# Serpentus bus to the Doncaster Show!



## Cowgal (Jul 4, 2007)

Serpentus are running a bus to the show on the 8th June....leaving Dunfermline Fife at 3am to arrive at 9:45am approx. Return same day.
Cost is £30 per person. (cost will drop if all seats are filled!)
Over 18's (unless an with adult)
As cash is due up front for the driver they need the cash by Sunday, This way you are getting a seat no matter what.
Only 49 seats available so get in quick!
PM me for further details 
_Its a jolly day oot!!_ LOL
:2thumb:


----------



## buddy (Jul 10, 2007)

so what time and day would we get back would we be back on sunday then ?

x


----------



## weeminx (Oct 28, 2006)

im not sure exactly what time but it will be sunday evening we are back.
pm cowgal if you want more info.


----------



## Rob Wallace (Sep 24, 2006)

Cant make it this time as i just forked out on some other stuff and i am going to an MMA tournament out this way next weekend.

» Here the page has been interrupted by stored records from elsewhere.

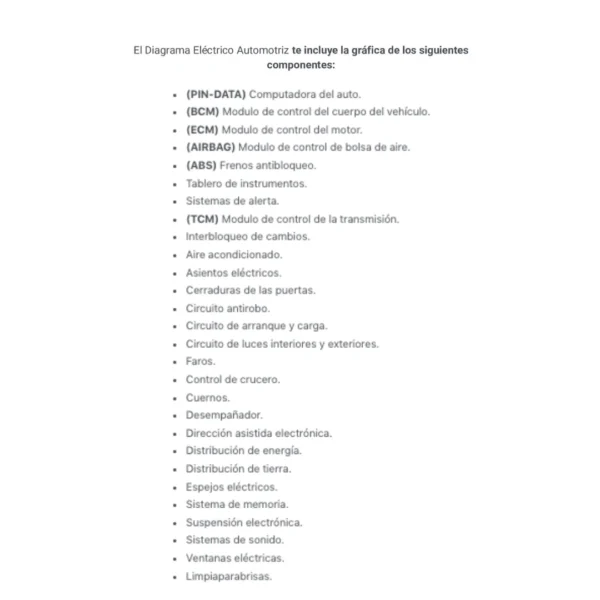 El Diagrama Eléctrico Automotriz te incluye la gráfica de los siguientes componentes: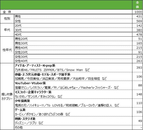 本調査では、現在推し活を行っており、かつ最推し対象が以下カテゴリーに該当する20~40代の男女を対象としています。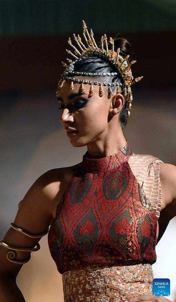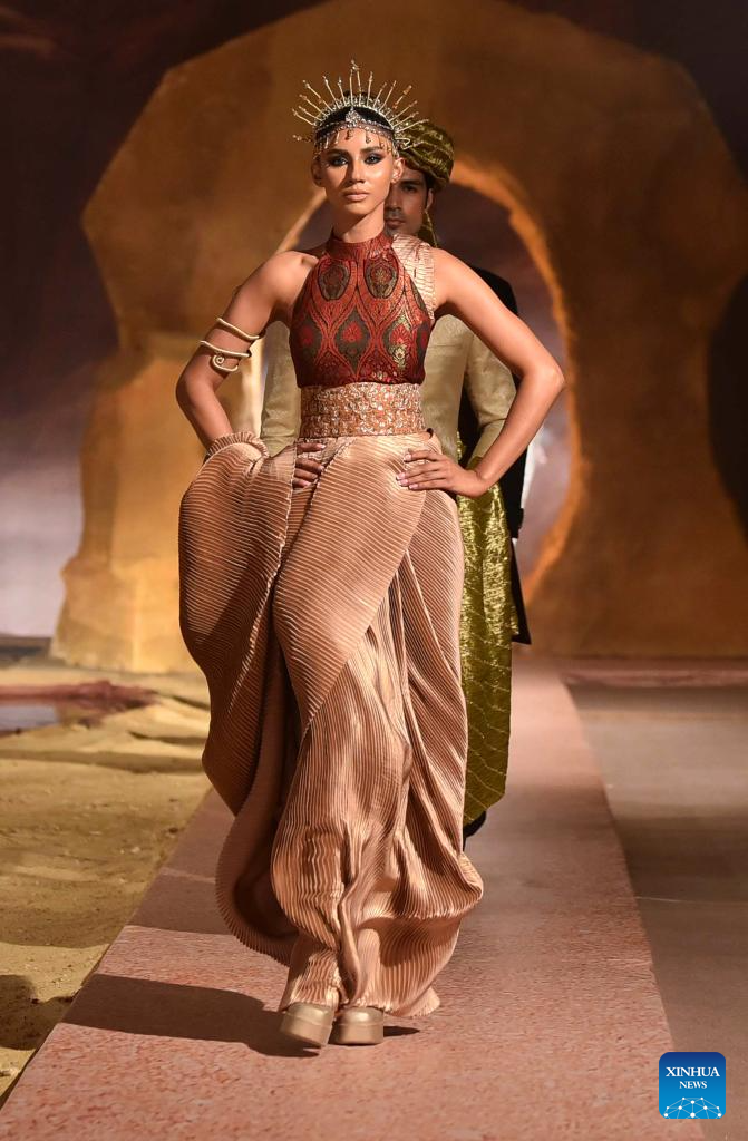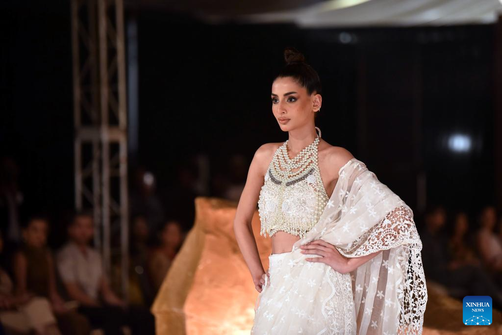 A model presents a creation during a fashion show in Karachi, southern Pakistan, on June 25, 2025. (Str/Xinhua)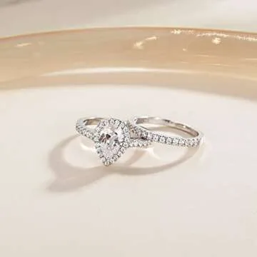 Show more Discover the magic of love and commitment with our exquisite Tear Drop Promise Ring crafted in solid 925 sterling silver. Each ring is lovingly stamped with S925 to ensure its authenticity. The centerpiece features a stunning 1.5 ct pear-cut halo CZ stone, skillfully hand-set to provide a sparkling display that rivals precious gems. Surrounding the enchanting main stone are petite, high-quality CZ stones set in a 5-Prong-Setting design that guarantees they stay securely in place, making it the perfect piece for expressing your everlasting love.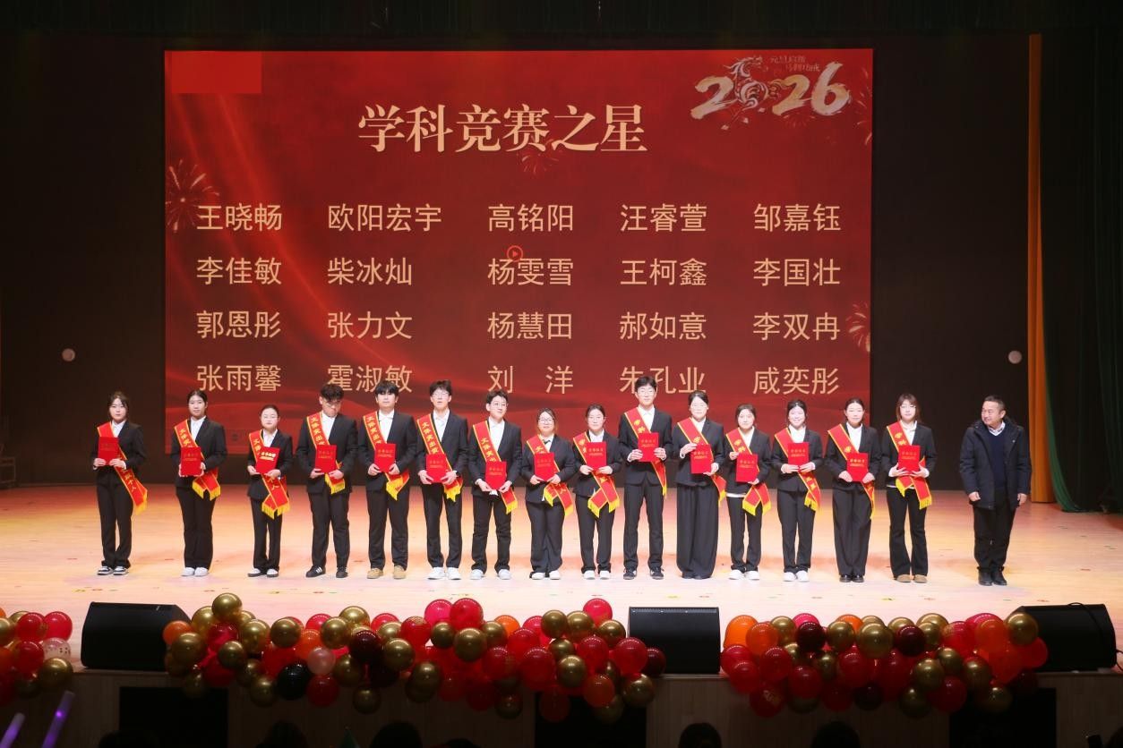 晚会中,为外国语学院2025年度在学科竞赛、文体活动、志愿服务、文明宿舍建设等方面表现突出的先进个人与集体表彰颁奖。榜样的力量与中外联欢的氛围相融,进一步激发了学子们跨文化交流的热情与担当作为的决心。

Definately interested in any other trips that Serpentus has to offer later on down the line.

Big Thanks to Serpentus

Another Pleasant Visit Today


----------



## Lynne (Jul 19, 2007)

Rob Wallace said:


> Cant make it this time as i just forked out on some other stuff and i am going to an MMA tournament out this way next weekend.
> 
> Definately interested in any other trips that Serpentus has to offer later on down the line.
> 
> ...


i was in today too. what time were you in????


----------



## Rob Wallace (Sep 24, 2006)

bump up


----------



## adamntitch (Jun 17, 2007)

ad go but dont know anyone and hard to get to dunfermline from here at 3am


----------



## Rob Wallace (Sep 24, 2006)

I didnt know anyone either... just turn up, the people i have met are sound as a pound.


----------



## adamntitch (Jun 17, 2007)

its more the getting to dunfermline at that time of the morning thats the problem


----------



## Cowgal (Jul 4, 2007)

Well what can I say us Scots are always complaining there is nowt on....I had to cancel the 49 seater and get a mini bus....seats on the mini bus all full.
Sorry
Nickie


----------



## buddy (Jul 10, 2007)

hi nikki i really really wanted to come but it was getting to dunfermline at that time in morning as we do not drive and also arriving back around 11pm so we would not get hom lol

i would have been great if you were able to come make a meeting point somewhere for people in lanarkshire to get picked up like i dont know motherwell or glasgow itself i will deffo be going in september im not missing another 1 

xx

i am gutted though just was not good for us with having to rely on public transport


----------



## Rob Wallace (Sep 24, 2006)

Have Fun Gang.... Bring Back lots of goodies.. and post pics.:2thumb:


----------